For chemicals, the impact is profound. Exporters to the EU, particularly those from Asia, face higher costs unless they adopt low-carbon production methods, which could potentially reduce their competitiveness. Studies show CBAM reduces leakage by about half when free allowances are phased out, but it also shifts trade patterns, favoring EU producers. In the petrochemical industry, combined with the EU Emissions Trading System (ETS), it drives up costs, prompting innovation but challenging imports.

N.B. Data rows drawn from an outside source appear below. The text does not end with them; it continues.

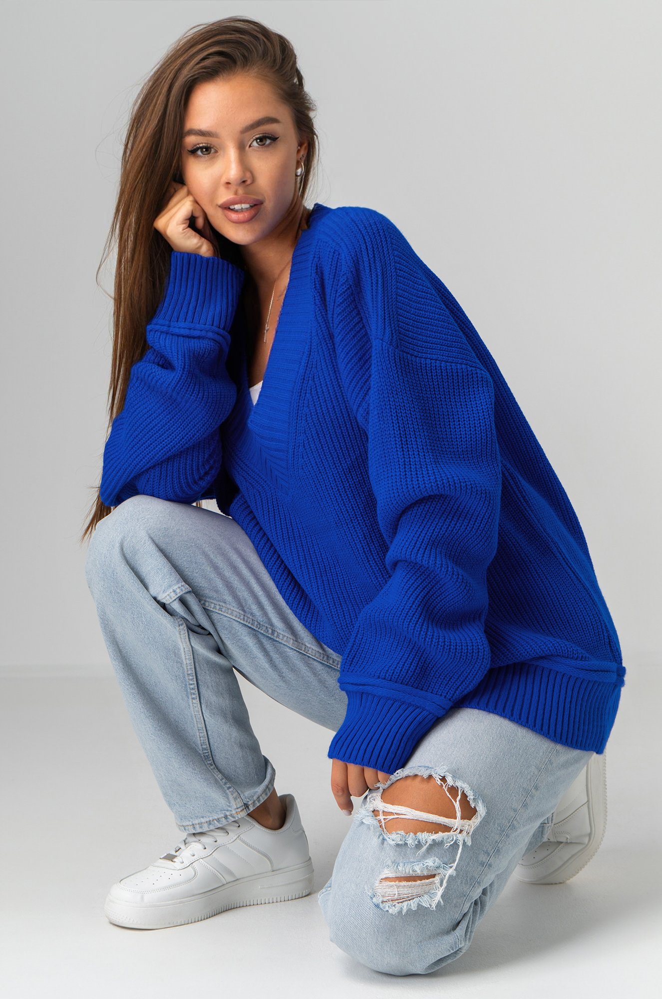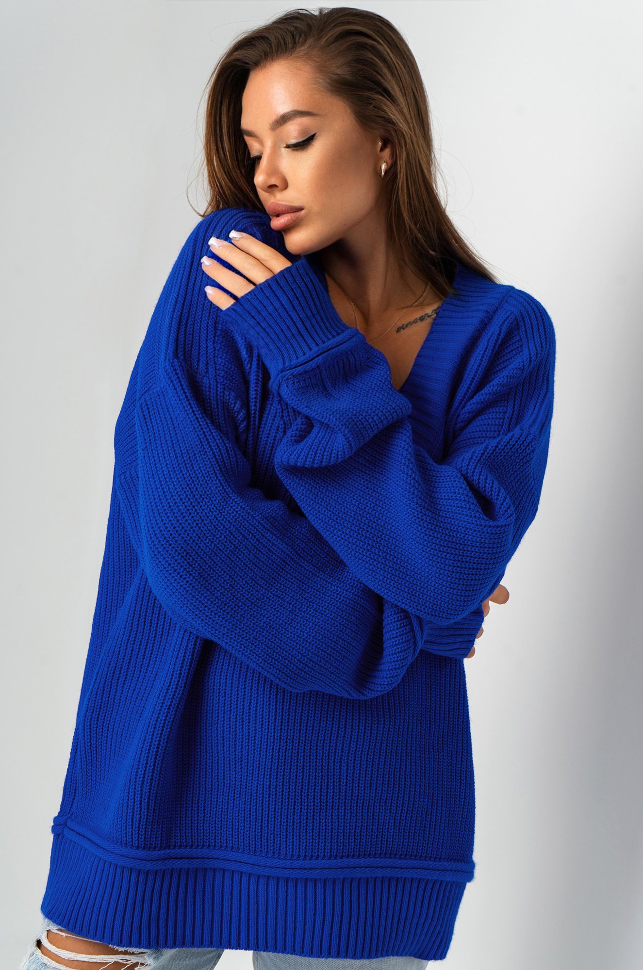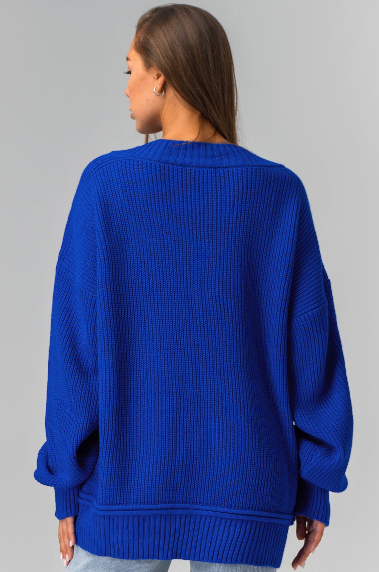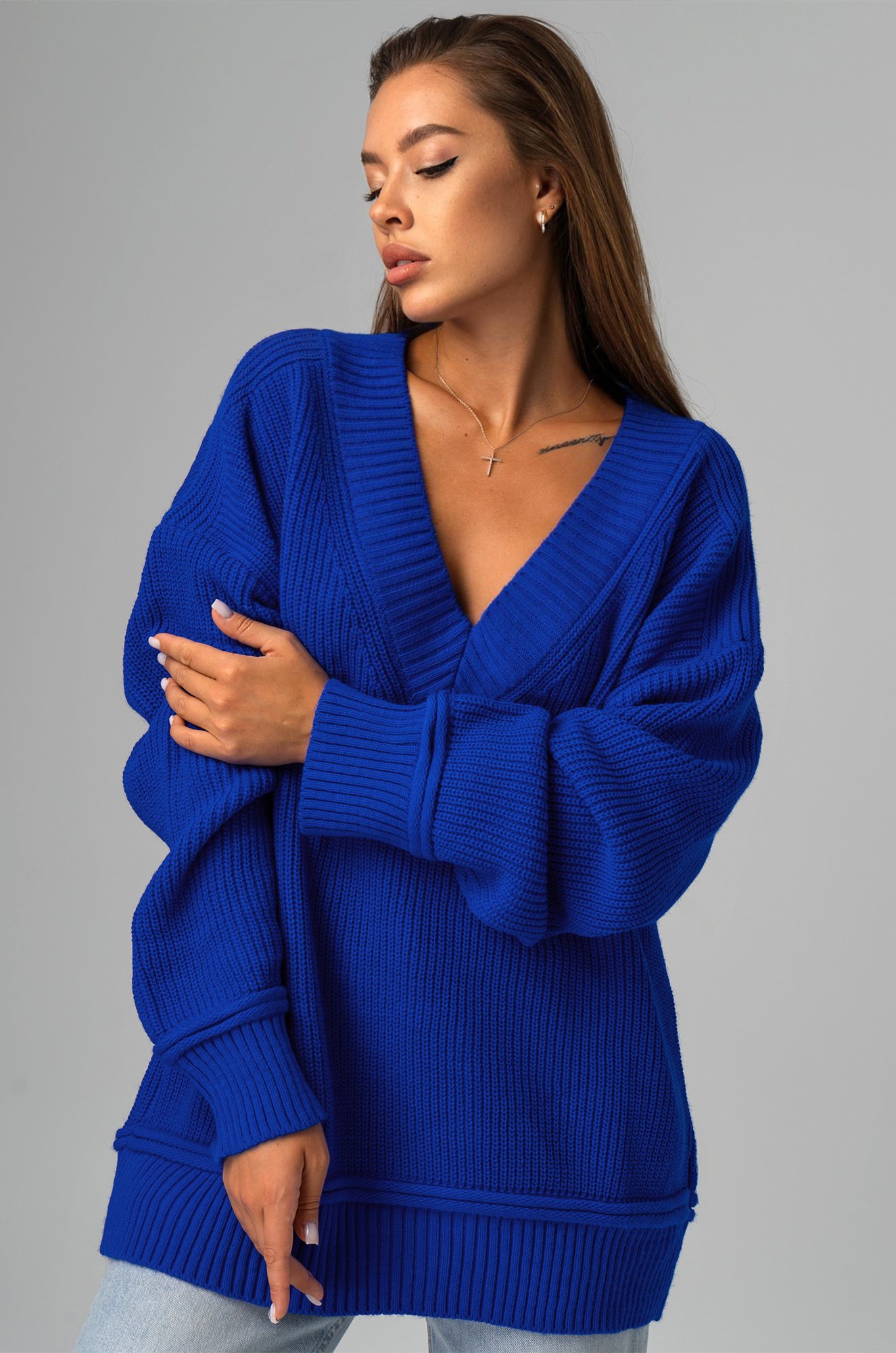 Женский джемпер в синем цвете станет идеальным выбором для создания классного образа. Оверсайз фасон и V-образный вырез добавят легкости и элегантности, а длинный рукав гарантирует комфорт в прохладную погоду.
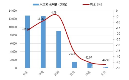 全國六大區(qū)域中水泥累計產(chǎn)量均同比下滑,東北、華北和西北地區(qū)水泥產(chǎn)量急劇下滑,其中東北和華北地區(qū)自2017年起增速就持續(xù)下滑,西北地區(qū)自2017年6月份增速轉(zhuǎn)正為負后一路下滑。西南地區(qū)從2017年下半年開始下滑,華東和中南地區(qū)從2017年底開始下滑。
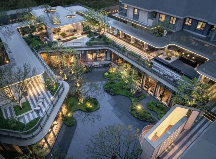 立体园林以“玉湖承韵”为主题,打造步移景异的景观层次。以九曲玉带桥、风雨连廊串联园林,植被搭配了珍贵全冠移植元宝枫、红果冬青、文冠果等,打造姑苏山水意境与现代功能的共生空间,细节处融入山石、飞瀑、湿地、草甸、穹顶等东方韵味元素。
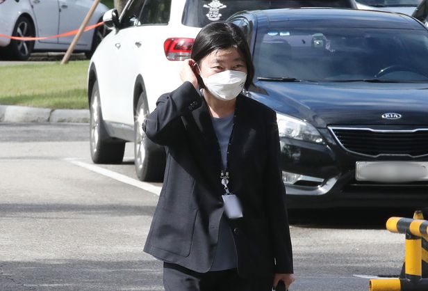 임은정 법무부 감찰담당관이 2021년 9월 8일 경기 정부과천청사 고위공직자범죄수사처(공수처)에 참고인 신분으로 소환조사 받기 위해 출석하고 있다. 공수처는 이날 임 감찰담당관을 상대로 윤석열 전 검찰총장의 '한명숙 모해위증교사 수사 방해 의혹'을 조사했다./뉴스1

Complementing CBAM is the EU Deforestation Regulation (EUDR), which bans the import of commodities linked to deforestation, including palm oil, rubber, and soy—feedstocks for many chemicals, such as surfactants and polymers. The EUDR requires due diligence to prove the deforestation-free origins of products, thereby reconfiguring supply chains. Effective December 30, 2025, for large firms, it disproportionately affects exporters from developing nations, acting as a non-tariff barrier that bolsters EU sustainability credentials at the expense of global trade equity.
Another layer emerges in the ongoing restrictions on bisphenol A (BPA), a chemical linked to health concerns in food contact materials. As regulations tighten globally, companies like Sherwin-Williams have stepped in with alternatives: coatings based on acrylics, polyesters, and non-BPA epoxies for cans and packaging. Their valPure® line provides slot-in solutions, sustaining offtake for these chemicals amid BPA restrictions. In the EU, where demand for acrylics surges due to weak markets elsewhere, this supports local sourcing and stabilizes the troubled chemical sector. What starts as a safety measure evolves into a trade advantage, favoring producers of compliant alternatives.

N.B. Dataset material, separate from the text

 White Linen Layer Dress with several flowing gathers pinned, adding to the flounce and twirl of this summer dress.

Other examples abound. The US Toxic Substances Control Act (TSCA) restricts imports of hazardous chemicals, often requiring extensive testing that disadvantages foreign suppliers. In the EU, REACH registration demands detailed data on substances, creating barriers for non-EU exporters. These regulations, while environmentally sound, can lead to adverse trade effects, including reduced exports and shifts in plant locations.

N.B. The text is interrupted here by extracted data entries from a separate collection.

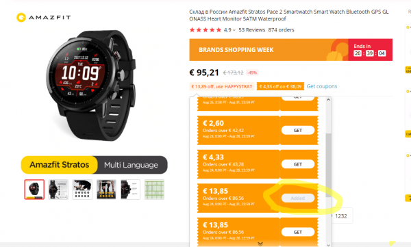 Luxusná cena v EU sklade vďaka Ali kupónu: Amazfit Pace 2 (Stratos Pace 2) len 67.51€ z pôvodných 95.21€
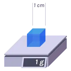 A densidade da água é aproximadamente 1 g/cm3, já que o grama foi originalmente definido como a massa de um centímetro cúbico de água em sua densidade máxima, aproximadamente a 4 °C (39 °F).[1]
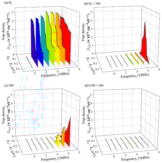 Densities of near-interface traps measured by the direct measurement technique for (a) O2, (b) NO + O2, (c) NO, and (d) LTO + NO samples. Data obtained from [73].
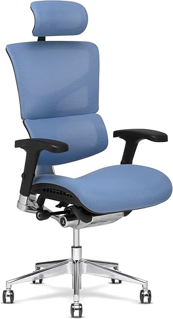 X-Chair X3 Management Office Chair, Blue A.T.R. Fabric with Headrest - High End Comfort Chair/Dynamic Variable Lumbar Support/Floating Recline/Highly Adjustable/Durable/Executive Office Desk Seat
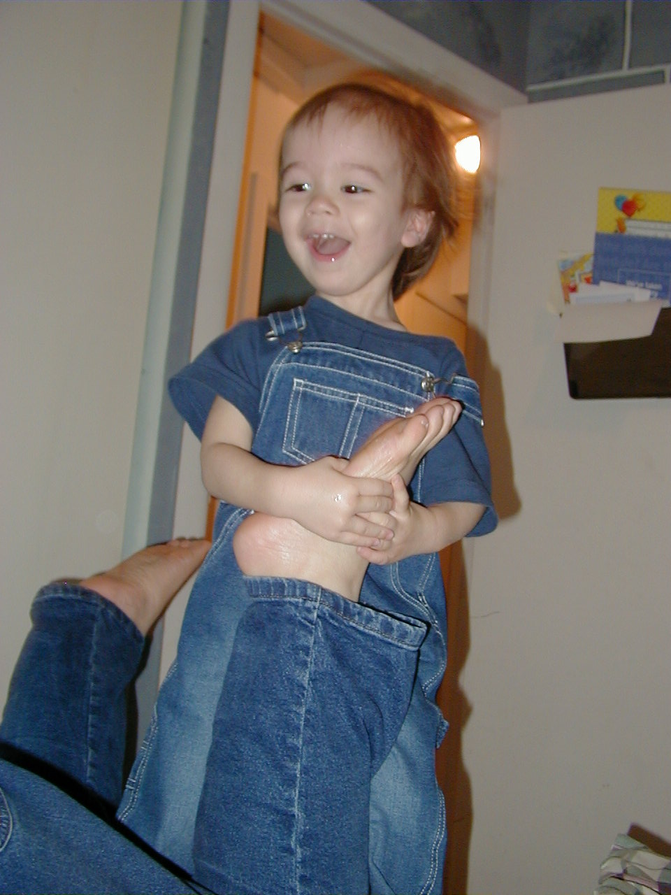 Ben loves feet for some reason, he was grabbing Mommy's leg and jumping with it! haha

The overlap of regulation and protectionism forces chemical companies to adapt. Supply chains are becoming more localized, which increases the risks of fragmentation and higher costs. For sectors like chlor-alkali and PVC, this means diversified sourcing, investment in compliance, and potential innovation in green alternatives. Yet, it also raises questions of fairness: do these measures truly advance global sustainability, or do they entrench advantages for developed economies?
As chemical trade evolves, stakeholders must balance ethical imperatives with economic realities. Policymakers could foster transparency and international cooperation to minimize unintended trade barriers. For businesses, staying ahead means closely monitoring regulations and building resilient, traceable supply chains.